Tips

How to Properly Clean a Grease Trap – 2020 Guide

Img source: greasetrapboston.com
Written by John Marmolejo

Grease traps are incredibly useful, especially if you’re in the restaurant business. These plumbing devices are used to “entrap” grease before they get to the sewers. Without a grease interceptor, you’d have to deal with horrible odors, sewer blockage, and possible rodent infestations. Still, if the grease trap itself is not kept clean, it could lead to some unnecessary troubles.

In this article, we’ll help you learn how to clean your grease interceptor so it lasts longer and it keeps on working perfectly!

So, without further ado, let’s get to the bottom of it!

Step number 1: Carefully remove the lid

Okay, removing the lead from a grease trap is not complicated at all. Still, make sure to do it gently so you don’t damage the gaskets. Replacing these can be a bit expensive, and prevention is always better than cure. Of course, before you remove the lid, make sure to check if there is any leakage around the trap since that could imply corrosion or a misplaced lid.

So, overall, inspect the lid carefully, and make sure to be gentle when removing it. Use a crowbar or a similar tool, and be careful not to damage the parts of the lid.

Step number 2: Make sure to remember the construction

Cleaning the grease trap will require lots of part moving and reassembling, so make sure not to misplace them once you’re done. If you’re not sure you can manage to do this, then simply take some pictures. You can delete the pictures later on and you’ll avoid misplacing some parts and potentially damaging a very expensive piece of plumbing equipment.

So take pictures, write it down, it doesn’t matter what you do, just make sure to remember where everything goes! If you feel like you’ve messed up, the only thing that’s left to do is to consult a professional plumbing service.

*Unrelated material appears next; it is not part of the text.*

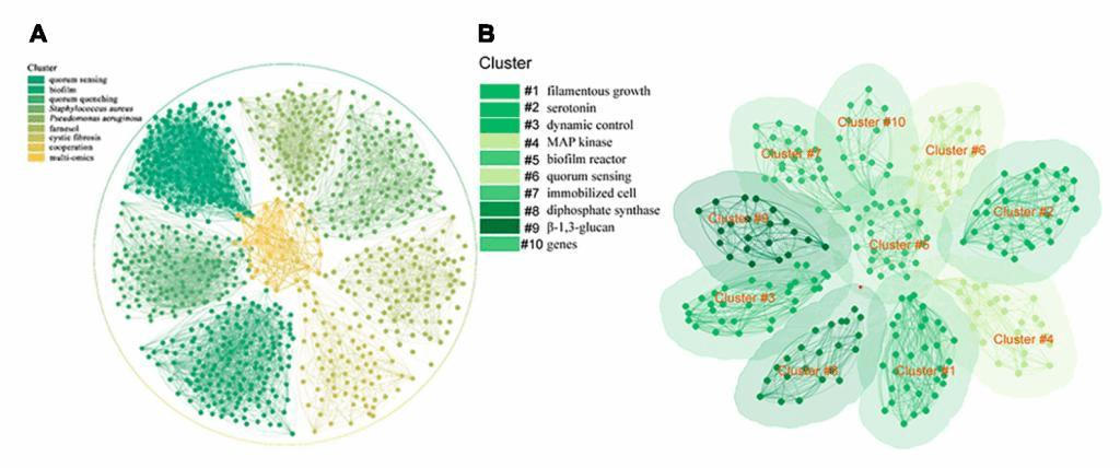 | 图1 (A)微生物群体效应研究热点;(B)酿酒酵母群体效应研究热点 |

Img source: modernrestaurantmanagement.com

Step number 3: Measure the grease

If you are using the grease trap for commercial purposes, the law will require you to fill out the FOG report and submit it to the EPA. One of the things you have to know to successfully fill out these reports is the levels of grease, oil, and other waste that has accumulated inside of your interceptor.

So, after you’ve removed the lid, take a measuring stick, and put it inside the interceptor. Once you reach the bottom, try swirling the stick so the waste automatically marks it. Of course, make sure to do this as gently as possible, as you need to have accurate results for your report.

Step number 4: Remove the water 

After you’ve taken all the important data needed for your reports, it’s time to finally begin the actual cleaning! The first thing you must do is to remove the water from your grease trap using a small bucket. Make sure to wear protective gloves and use a pump instead of a bucket if you have one: it’s much more sanitary.

Do not throw this water away! Set it aside as you’ll have to return it after you’re done cleaning the trap! Leave it in a bucket and keep it somewhere where you won’t accidentally spill it.

Step number 5: Scrub and scrape the trap

Make sure to get rid of the large chunks of waste before you begin scrubbing. Scrape it off with your bucket and dispose of it in a water-tight bag or container. Try to remove as much of it as you possibly can.

After you’ve removed the large chunks of grease and oil, it’s time to start scrubbing the interceptor. Use a stainless steel scrubber, warm water, and a gentle cleaning solution. Make sure to clean every single part in as much detail as you can! This will ensure the longevity and long-term sturdiness of your favorite plumbing device.

Step number 6: Pour the water back

If you’ve followed step number 4 then you now have a bucket of grease trap water just standing there. Well, we didn’t tell you to set it aside for no reason! After you’ve done with the scrubbing and cleaning, it’s time to get the old bucket and pour the water back into the trap.

This will ensure that the trap keeps on functioning properly, and you won’t have to deal with blockage and foul odor coming from your interceptor at all. So, remember not to dispose of the water but rather reuse it after you’ve cleaned the mechanical parts of the trap.

Img source: bigbusinessboard.net

Step number 7: Reinstall the lid

Now, look at those pictures you’ve taken back at step number 2! You just have to copy what you see and return your grease trap to normal. It should be easy, but you should still be gentle and careful. Make sure everything is secured and functioning properly. After that, all that’s left is to make a copy of the FOG report so you have an overview of the produced waste if you ever need it.

All in all, reinstalling the lid is a pretty simple process. Of course, do not do it too aggressively as you want to avoid any damage to your interceptor.

Step number 8: Learn to recognize when it gets too bad for you to handle

Once the trap gets too dirty or too damaged, you should seriously consider replacing it and according to greasetrapsanfrancsico.com, a lot of people call in when it is too late. Still, while some of the grease trap issues can seem unrepairable to an amateur plumber, a professional one may be able to fix them in a matter of minutes.

So, don’t be afraid to leave it in the hands of professionals. They’ll have all the right tools, and they’ll be able to do the job more quickly than you. What’s more, a job well done ensures your grease trap lasts you for the years to come.